From NPR: Trump Stands By Unproven Wiretap Claim At Joint News Conference With Merkel
At a wide-ranging and occasionally tense news conference after their first in-person meeting Friday, President Trump and German Chancellor Angela Merkel discussed trade and border policy — and had one notable exchange when Trump was asked about his unproven claims that former President Obama tapped the phones at Trump Tower last year.
Trump declined the opportunity to retract the claim, telling the media that “we said nothing” when he tweeted, “How low has President Obama gone to tapp my phones during the very sacred election process,” and that he was merely quoting a “very talented legal mind” he had seen on Fox News.

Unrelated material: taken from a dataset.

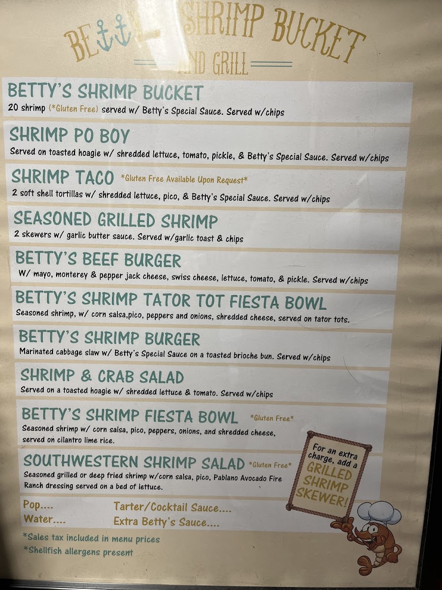 Betty's Shrimp Bucket and Grill offers a diverse and enticing menu that showcases the best of fresh seafood with a focus on shrimp dishes. Among the standout items, the Shrimp Tacos are a fan favorite, offering a perfect balance of flavorful seasoning and crispy shrimp, all wrapped in soft tortillas. For those craving something heartier, the Shrimp PO Boy delivers a satisfying combination of golden-fried shrimp, lettuce, tomato, and tangy sauce, all tucked into a soft roll. The menu also features a variety of other seafood options, including classic fried shrimp baskets and rich shrimp and grits, ensuring there’s something for every seafood lover. With its casual yet vibrant atmosphere, Betty's Shrimp Bucket and Grill serves up a menu full of bold, flavorful dishes that are sure to satisfy any appetite.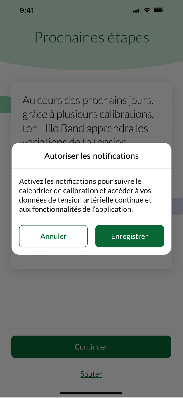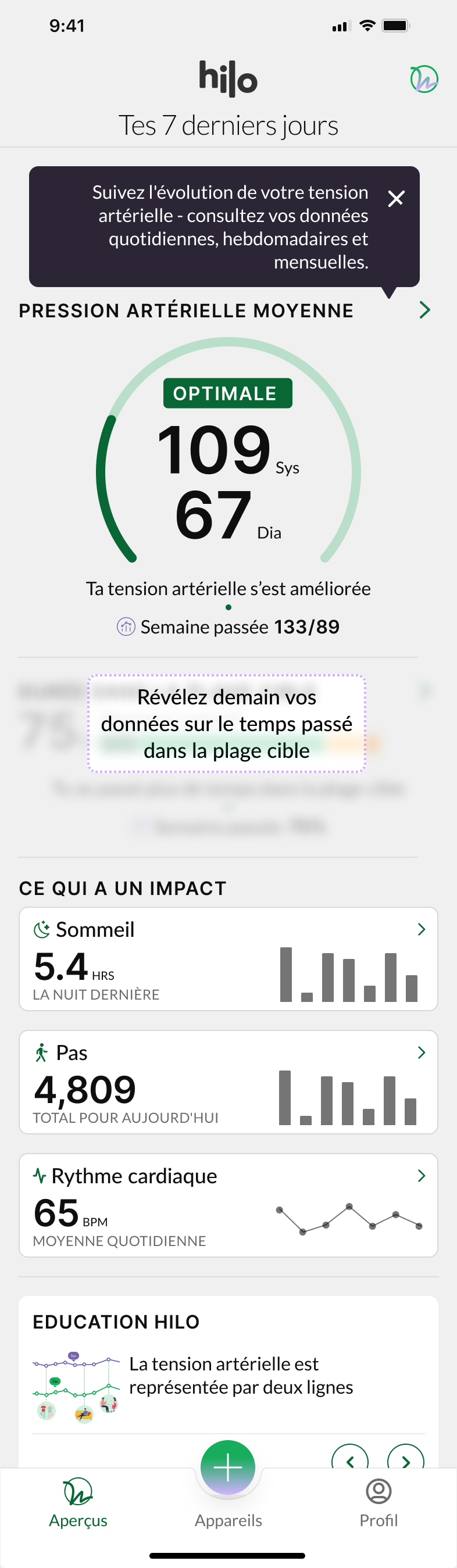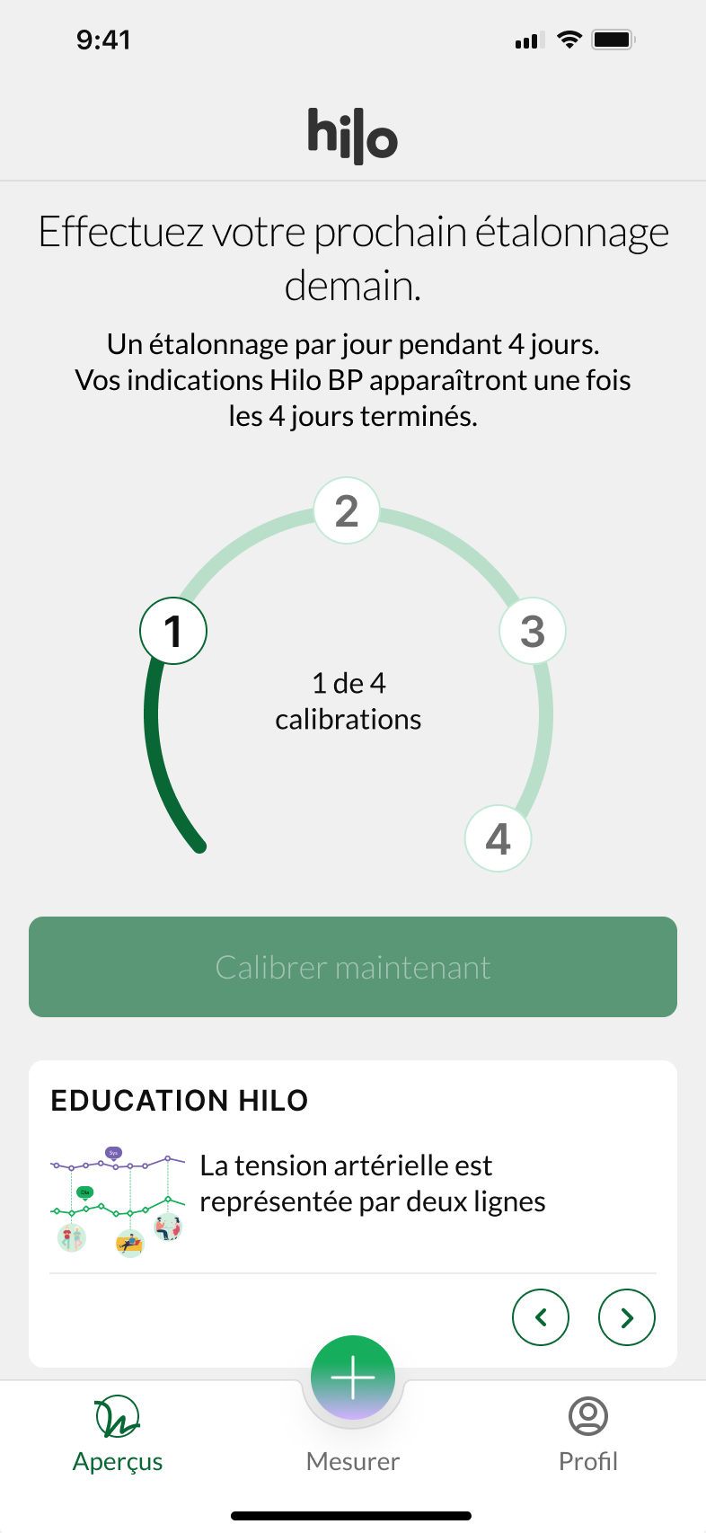 L’application Hilo n’affichera pas les données de pression artérielle tant que les quatre calibrations requises n’auront pas été réalisées avec succès. Cependant, le bracelet Hilo doit être porté en continu à partir de la première calibration. Même si aucun résultat n’est affiché pendant cette période, le bracelet continue d’enregistrer des données en arrière-plan afin d’établir votre profil personnel.

From CNN: White House: No apology to British government over spying claims
White House press secretary Sean Spicer flatly denied Friday that the White House apologized to the British government after citing an uncorroborated Fox News report to allege that a UK intelligence agency spied on President Donald Trump at the behest of former President Barack Obama.
Earlier in the day, however, a senior administration official told CNN that Spicer and national security adviser H.R. McMaster offered what amounted to an apology to the British government for Spicer’s comments on Thursday, when he cited a Fox News report that said British intelligence helped wiretap Trump Tower during the 2016 campaign.
From the Washington Post: Tillerson says ‘all options are on the table’ when it comes to North Korea
The Trump administration challenged China to do more to pull its ally North Korea back from the nuclear brink as Secretary of State Rex Tillerson bluntly declared Friday that the United States will do whatever is necessary to prevent a North Korean attack.
“All options are on the table,” Tillerson said in Seoul, where he underscored U.S. commitment to Asian allies threatened by North Korea and said he would lean on China during a visit there Saturday.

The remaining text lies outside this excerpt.